All games will be played at the venue of the higher seed

===NCAA tournament===

| Seed | Region | School | First Four | 2nd Round | 3rd Round | Sweet 16 | Elite Eight | Final Four | Championship |
|---|---|---|---|---|---|---|---|---|---|
| 16 | East | Fairleigh Dickinson | L, 65–96 vs. #16 Florida Gulf Coast – (Dayton) |  |  |  |  |  |  |

===National Invitational tournament===

| Seed | Bracket | School | 1st Round | 2nd Round | Quarterfinals | Semifinals | Championship |
|---|---|---|---|---|---|---|---|
| 8 | St. Bonaventure/BYU Quadrant | Wagner | W, 79–75 vs. #1 St.
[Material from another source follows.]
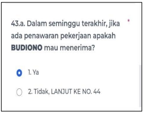Bila responden menjawabnya dengan persyaratan tertentu seperti “lihat dulu gaji/upahnya” atau dengan ”menanyakan jenis pekerjaannya” atau dengan syarat lainnya atau dengan menambahkan kata-kata alasan seperti ”apabila ...., namun ....tergantung ..... ” maka responden tersebut dikategorikan sebagai tidak mau menerima penawaran pekerjaan (Nomor 43.a=2).
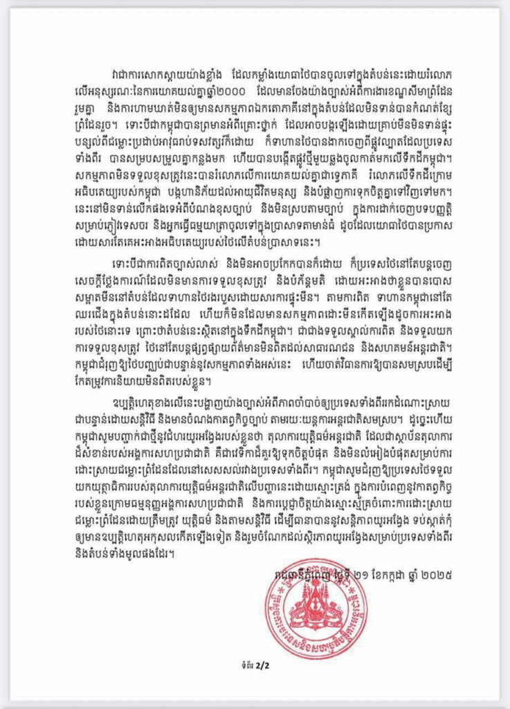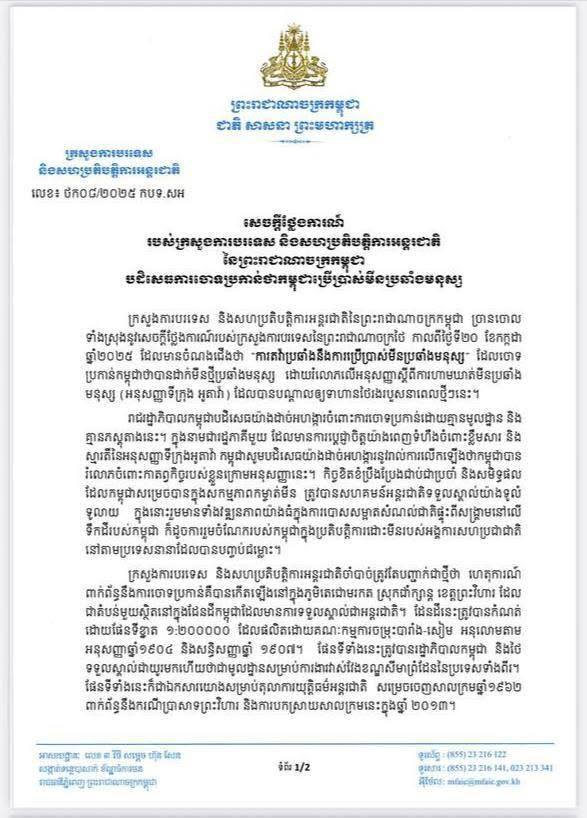 ក្រសួងការបរទេស និងសហប្រតិបត្តិការអន្តរជាតិនៃព្រះរាជាណាចក្រកម្ពុជា នៅថ្ងៃទី២១ ខែកក្កដា ឆ្នាំ២០២៥ បានចេញសេចក្តីថ្លែងការណ៍ បដិសេធការចោទប្រកាន់របស់ថៃ ដែលថាកម្ពុជាប្រើប្រាស់មីនប្រឆាំងមនុស្ស។

Bonaventure | L, 54–87 vs. #4 Creighton |  |  |  |

==Honors and awards==

2016 NEC Men's Basketball Individual Awards
| Award | Recipient(s) |
| Player of the Year | Cane Broome, SHU |
| Coach of the Year | Bashir Mason, WC |
| Defensive Player of the Year | Amdy Fall, SFBK |
| Rookie of the Year | Marcel Pettway, BRY |
| Most Improved Player of the Year | Earl Potts Jr., FDU |

2016 NEC Men's Basketball All-Conference Teams
| First Team | Second Team | Third Team | Rookie Team |
| Cane Broome, So., G., SHU Ronnie Drinnon, Sr., F., SFU Jerome Frink, Jr., F., LIU Martin Hermannsson, So., G., LIU Rodney Prior, Sr., G., RMU | Darian Anderson, So., G., FDU Michael Carey, Jr., G., WC Corey Henson, So., G., WC Earl Potts Jr., So., F., FDU Junior Robinson, So., G., MSM | BK Ashe, Jr., G., MSM Chris Hooper, Sr., F., SFBK Yunus Hopkinson, Jr., G., SFBK Tyreek Jewell, Sr., G., SFBK Brandon Peel, Sr., F., CCSU | Mike Holloway, Fr., F., FDU Quincy McKnight, Fr., G., SHU Austin Nehls, Fr., G., CCSU Marcel Pettway, Fr., F., BRY Nisre Zouzoua, Fr., G., BRY |
† - denotes unanimous selection

==Milestones and records==
- On December 10, 2015 the St. Francis Brooklyn Terriers attempted 49 three-pointers against NJIT, the most in conference history in a single game.